The automatic process starts by extracting the MARC21 records from the BA Library Information System (BA-LIS). These records are parsed using the MARC21 parser. Based on the parsed information, the Master Definitions (MDs) as well as the UNL documents associated with the book are generated. The KB Builder is used to generate the files that are needed for the book browsing application.

The Second Version

The workflow of the second version of the UNL-LIS starts by extracting the metadata of books from the MARC21 records manually and verifying it. This metadata is then ready for semantic analysis (Enconversion) to determine the UNL relations between the titles’ words. The UNL expressions of the titles are generated with the help of the Enconversion grammar and the UW dictionary stored in the language server of the respective language.

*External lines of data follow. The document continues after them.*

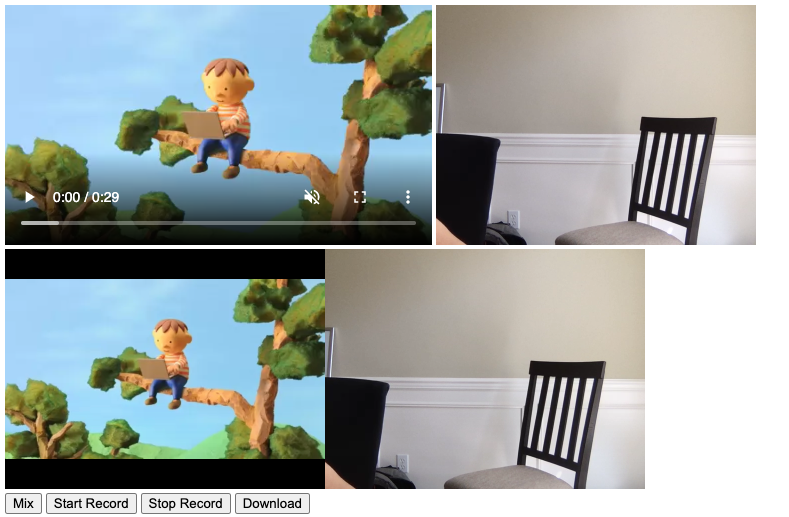 另一个想法是同时播放视频和录制的视频,并使用屏幕记录API来记录合并版本。(示例)。但这需要客户等待与初始记录相同的时间才能记录屏幕/选项卡。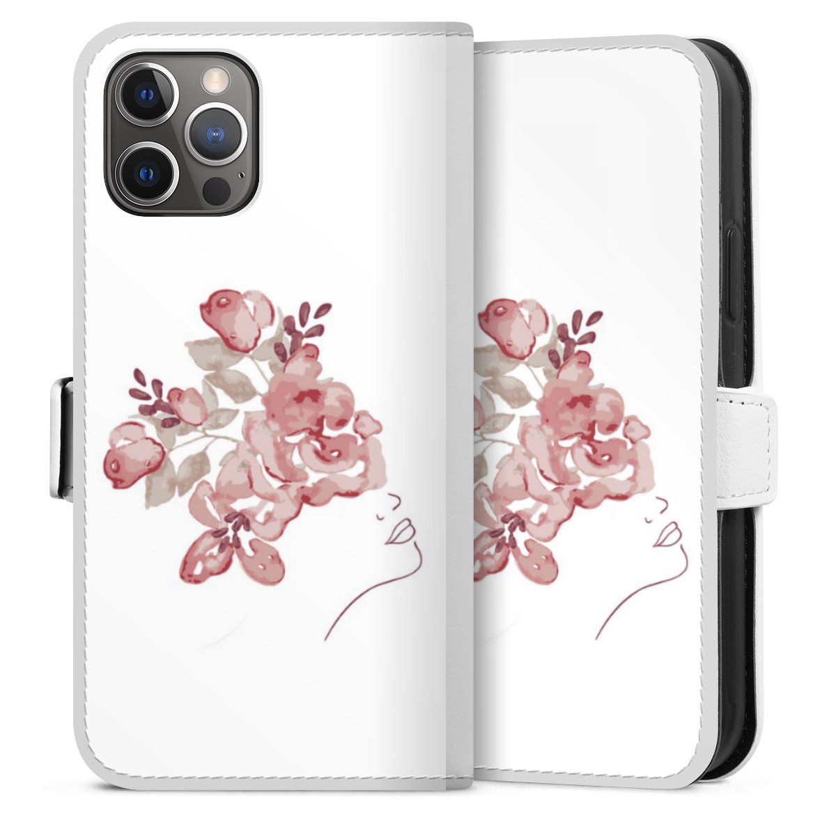 For our Sideflip Case we are using our advanced direct printing technology. The back and frontside are fully printabale, the inside of the phone bag is left unprinted. You can order the phone case without print, printed completely or also with a partial print.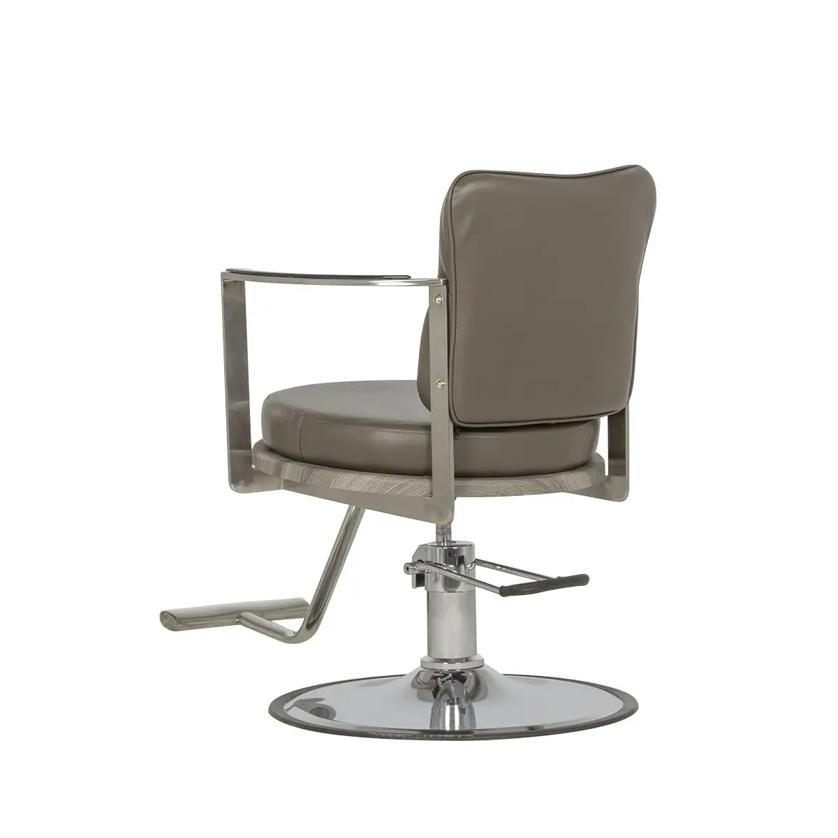 Кресло обладает эргономичной спинкой и идеальной глубиной сидения, подходящей для удобной посадки. Практичная подножка не допустит усталости ног клиентов. Парикмахерское кресло оснащено надежным гидравлическим механизмом. Такой подъемник позволяет поднимать и опускать кресло вместе с клиентом.
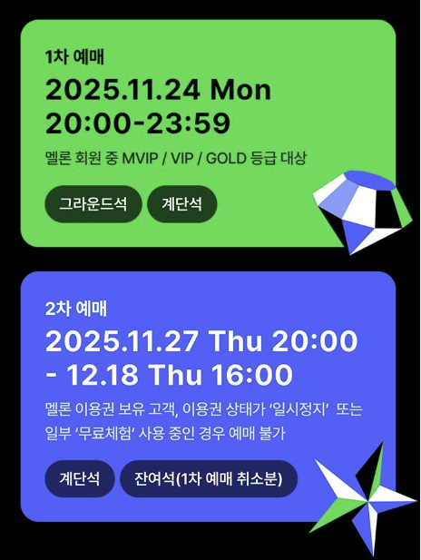 | 2차 일반 예매 | 11월 27일(목) 20:00~ | 모든 멜론 유료 이용권 보유자 | 계단석 + 1차 취소분 잔여석 |

Afterwards, a UNL specialist checks the validity of the resulting UNL expressions. A UNL expression may contain a wrong relation or an undefined UW.  if a relation is invalid, the specialist fixes it either manually or by modifying the Enconversion rules. On the other hand, if a UW is not included in the dictionary, it is pended to be later on defined by a UNL-UW specialist and inserted in the dictionary to help the Enconverter output a valid UNL expression. The output UNL expressions are finally stored as a UNL book record to be ready for Deconversion into any Natural language.

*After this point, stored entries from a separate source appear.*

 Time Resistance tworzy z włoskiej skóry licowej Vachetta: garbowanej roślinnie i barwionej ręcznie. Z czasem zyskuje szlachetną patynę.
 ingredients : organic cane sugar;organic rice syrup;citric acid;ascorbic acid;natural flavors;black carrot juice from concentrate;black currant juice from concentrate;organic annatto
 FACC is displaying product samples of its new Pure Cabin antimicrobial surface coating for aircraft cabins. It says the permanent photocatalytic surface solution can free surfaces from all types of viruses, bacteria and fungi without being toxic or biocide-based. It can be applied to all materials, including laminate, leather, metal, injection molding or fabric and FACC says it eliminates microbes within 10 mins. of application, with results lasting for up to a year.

After the UNL expressions have been verified, they enter the Universal Words checker to check whether any UNL expression contains a new UW, if they do, these new UWs are defined and inserted in the UW dictionary of the target language. The UNL expressions are now ready for DeConversion using the UNL Deconverter, the UNL-Target Language Dictionary and the Deconversion rules stored in the language server.

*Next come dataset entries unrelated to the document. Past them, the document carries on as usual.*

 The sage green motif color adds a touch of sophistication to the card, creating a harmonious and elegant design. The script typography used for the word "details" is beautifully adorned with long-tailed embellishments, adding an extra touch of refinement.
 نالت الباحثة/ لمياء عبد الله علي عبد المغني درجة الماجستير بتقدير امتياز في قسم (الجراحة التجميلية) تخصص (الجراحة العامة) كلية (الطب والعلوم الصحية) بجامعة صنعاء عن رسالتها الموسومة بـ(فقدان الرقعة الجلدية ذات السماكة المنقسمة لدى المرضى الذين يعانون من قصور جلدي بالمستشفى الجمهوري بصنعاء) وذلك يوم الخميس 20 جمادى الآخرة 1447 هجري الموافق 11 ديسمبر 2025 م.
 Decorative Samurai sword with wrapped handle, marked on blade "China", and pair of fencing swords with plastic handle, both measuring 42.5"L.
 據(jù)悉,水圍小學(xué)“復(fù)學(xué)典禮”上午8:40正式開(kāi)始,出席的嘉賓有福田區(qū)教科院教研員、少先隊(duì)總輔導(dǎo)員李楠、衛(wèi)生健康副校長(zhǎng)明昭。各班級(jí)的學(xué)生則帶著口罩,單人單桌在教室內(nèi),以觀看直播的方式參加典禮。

After the UNL expression is Deconverted into the target language, it is verified by a librarian working as a NL-Validator to check whether the Deconverted title is suitable for the book or not, if it is, it will be stored as a book record in the target language. If not, the librarian returns it to the UNL specialist to Deconvert it again until the title reaches the stage of being a valid natural language book record in the target language. 

A specialized version of the Dictionary and Grammar have been built in order to Enconvert the selected book titles. The LIS Specialized Dictionary has been built by, first, extracting the words in the selected titles and choosing the UWs that accurately represent their meanings. Then, assigning them the appropriate linguistic features. A specialized version of Enconversion grammar have also been developed to deal with the linguistic phenomena manifest in the book titles.

Advantages of the Second Version:

ISAUC has completed designing and implementing a prototype LIS capable of translating the metadata of books into the six official United Nations languages (Arabic, Chinese, English, French, Russian, and Spanish) in addition to Portuguese. This system enables users to either browse the available book titles, or search within the database using any of the book's information: its publisher, author, classification ...etc, along with keywords to limit the possible results.

Moreover, the application can show statistical information on the stored books and their metadata such as the language they are written in. An editing option has also been designed for librarians to facilitate the cataloging of books. Using this option the librarian can add an authority, merge existing authorities, add or edit books metadata and link books with their human translations, if found. The application can also merge synonymous authority values that are different due to the different conventions of writing, abbreviation and name ordering.

The system can also provide the user with statistical information about the number of books that have been stored, translated and verified, and statistical information about their authors, publishers, subjects…etc.

Finally, the system provides users with statistics about the Enconversion and Deconversion processes showing the translation status, such as the percentage of data not yet Enconverted, Enconverted but not yet validated, and the Deconverted data ...etc.